Diesel Dips to $2.676

Oil Reaches Six-Month High

The U.S. average retail price of diesel fuel dipped by 0.5 cent to $2.676 a gallon last week, its second straight tiny decline, while the gasoline average climbed 3.3 cents to $2.61 a gallon, according to the Department of Energy.
Also last week, crude oil futures rose to their highest levels in more than six months on concern that growing political tensions involving Iran could disrupt exports.
Diesel has now slipped 0.9 cent over two weeks, after climbing 27.2 cents over the prior six weeks, DOE said after its March 26 survey of fueling stations.
“The latest decrease in diesel prices occurred because diesel wholesale prices dropped,” Doug MacIntyre, an analyst with DOE’s Energy Information Administration, told Transport Topics. “Current retail prices are reflecting what happened a week or two ago, and we’re still seeing the impact of that decline.”
Since the beginning of the year, diesel has increased 9.6 cents a gallon and is now 11.1 cents higher than it was in the same week a year ago.
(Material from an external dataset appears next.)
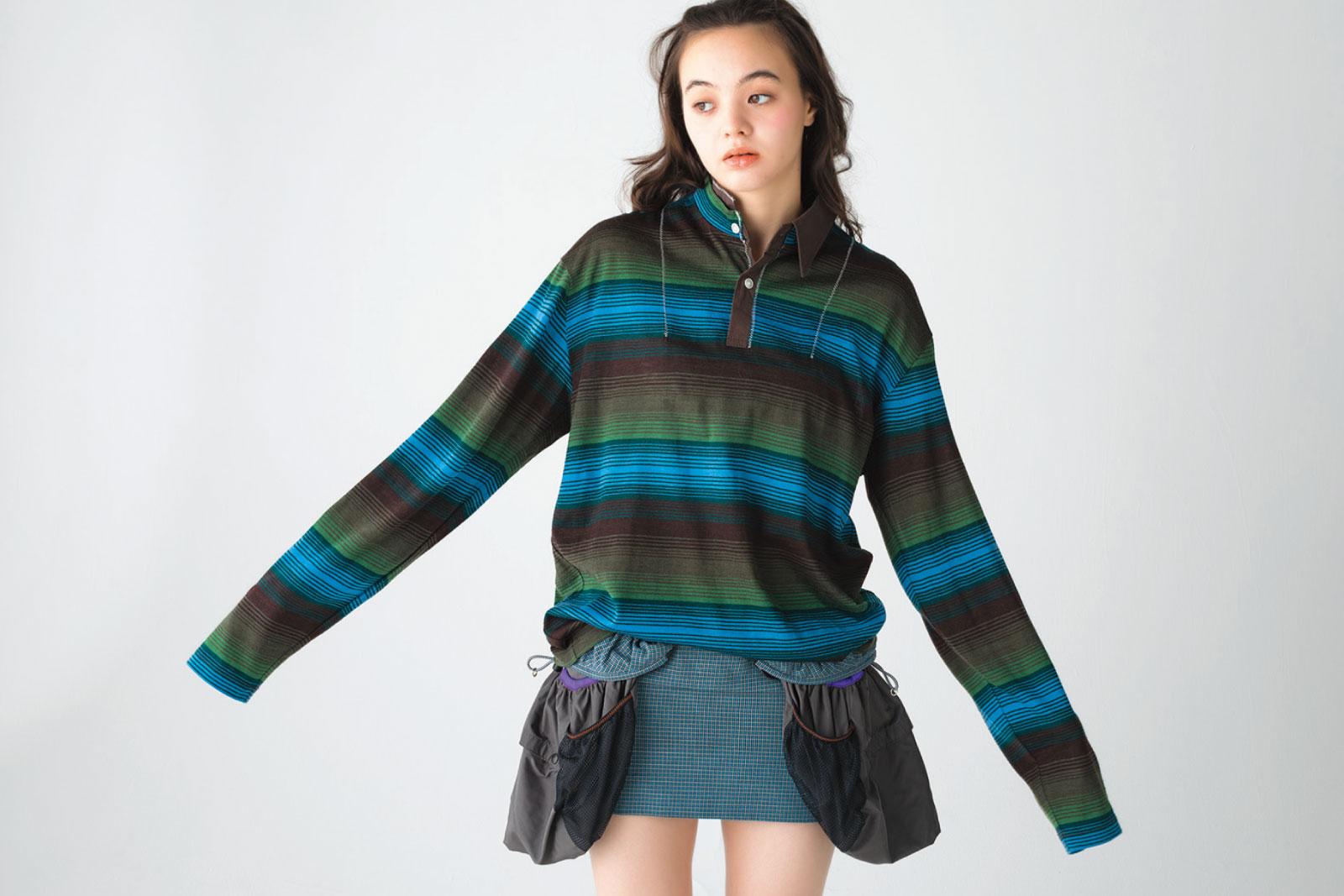 グリーンとブルーのラインは爽やかな春にぴったり。左右非対称な襟とグラデーションの個性派ボーダーで、唯一無二な存在感を楽しんで。トップス ¥60,500 スカート ¥159,500(共にカラー TEL. 03-6427-6226)

DOE also said the national gasoline average, which has risen for the past eight weeks, has jumped 44.5 cents since Jan. 29 and is 11.2 cents above the corresponding week in 2006.
MacIntyre noted that warmer temperatures have lowered the demand for home heating oil, thus increasing the amount of distillate stocks available for diesel fuel. At the same time, “Gasoline demand is starting to increase because we are at the beginning of the summer travel season,” he said.
DOE reported gasoline inventories fell by 300,000 barrels to 210.2 million barrels last week, continuing a seven-week string of declines.
 “Generally, we see prices go up when inventories go down, and that would affect diesel prices if gasoline inventories got so low that refiners have to increase their gas production at the expense of diesel,” MacIntyre said.
Trucking companies said they were continuing to study ways to reduce fuel consumption and improve their bottom lines.
Tex Pittfield, president of Sara-guay Petroleum, an Atlanta fuel hauler, said even with surcharges in place, the company absorbs about 10% of its fuel cost.
“We’re in stop-and-go traffic all day and we’re continually idling at terminals, so there is not much we can do to improve the situation,” Pittfield said. “It’s very difficult to improve efficiency over what we’re already doing, but we have recently put automatic transmissions in our trucks.
 “We’re seeing about a 5% increase in fuel efficiency that saves us a couple thousand dollars a month in fuel,” he continued. The price of fuel is still “nowhere near where I’d like it to be, but the transmissions are an improvement, and any little bit helps.”
Saraguay Petroleum, which has 18 trucks, currently spends about $60,000 dollars a month to burn 40,000 gallons of fuel, Pittfield said.  James Cade, executive vice president of maintenance for Arrow Trucking, a Tulsa, Okla., truckload carrier that operates 1,500 trucks, said his company has reduced its fuel costs by using electrification systems at truck stops to cut idling.
“We have multiple ways of dealing with [high fuel prices], but reducing idle time has really made a big difference for us,” Cade said. “If you can shut off the truck and still keep the driver comfortable, it’s a lot better for fuel cost and the wear and tear on the engine.”
Meanwhile, crude oil prices on the New York Mercantile Exchange rose to nearly $65 a barrel March 29 on concern that escalating tensions with Iran will disrupt oil supply from the Middle East.
In late March, the United Nations strengthened sanctions against Iran over its atomic energy program. In addition, Iran detained 15 British naval personnel, which raised concern that strained relations between the second-largest producer in the OPEC oil cartel and the West could disrupt global supplies, Bloomberg News reported. 
Oil’s closing price of $64.08 a barrel on March 28 was the highest close since Sept. 11.